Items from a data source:
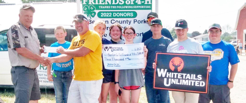 For the last few years at the Benton County Fair, the Prairie Creek Sports Club, a division of Whitetails Unlimited, presents a check in the amount of $3000 to the Benton County Friends of 4-H.
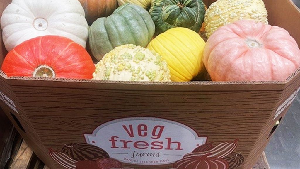 Veg Fresh Farms’ innovative approach includes offering creative, specialized mixes—like the popular Autumn Mix Bin—featuring sought-after heirloom pumpkins such as the Blue Doll and Marina di Chioggia, along with other unique varieties.
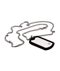 This Cudworth men’s necklace showcases a sleek and sophisticated design. It features a stainless steel dog tag suspended on a sturdy chain, complemented with a robust rubber detail for an added edge. Perfect for the modern man who appreciates understated style, this accessory is versatile enough to compliment any outfit.
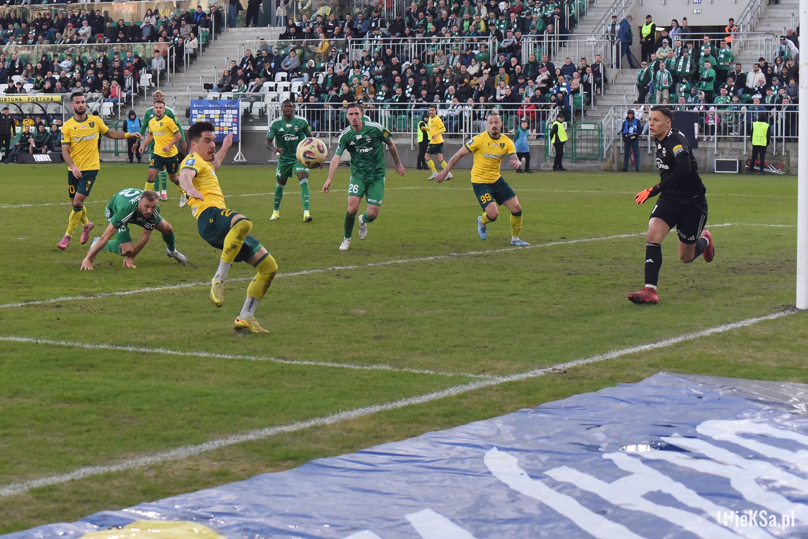 Wracając do symbolicznego Lukasa. GieKSa ma swój sposób na stałe fragmenty i to „drugie tempo”, o którym trener mówił w poprzednim sezonie jest cały czas praktykowane. Lukas Klemenz zachował się w tej sytuacji jak rasowy napastnik, dostał piłkę prostopadłą, a nie centrę z boku boiska i z pierwszej – w sytuacji sam na sam – strzelił gola. Schematy.
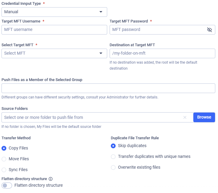 Use this type of job to automatically push files to a remote MetaDefender Managed File Transfer™ instance.

TASK TO COMPLETE: Reproduce the data above without a single change, please, but without its pictures.

WRITTEN ANSWER:
 For the last few years at the Benton County Fair, the Prairie Creek Sports Club, a division of Whitetails Unlimited, presents a check in the amount of $3000 to the Benton County Friends of 4-H.
 Veg Fresh Farms’ innovative approach includes offering creative, specialized mixes—like the popular Autumn Mix Bin—featuring sought-after heirloom pumpkins such as the Blue Doll and Marina di Chioggia, along with other unique varieties.
 This Cudworth men’s necklace showcases a sleek and sophisticated design. It features a stainless steel dog tag suspended on a sturdy chain, complemented with a robust rubber detail for an added edge. Perfect for the modern man who appreciates understated style, this accessory is versatile enough to compliment any outfit.
 Wracając do symbolicznego Lukasa. GieKSa ma swój sposób na stałe fragmenty i to „drugie tempo”, o którym trener mówił w poprzednim sezonie jest cały czas praktykowane. Lukas Klemenz zachował się w tej sytuacji jak rasowy napastnik, dostał piłkę prostopadłą, a nie centrę z boku boiska i z pierwszej – w sytuacji sam na sam – strzelił gola. Schematy.
 Use this type of job to automatically push files to a remote MetaDefender Managed File Transfer™ instance.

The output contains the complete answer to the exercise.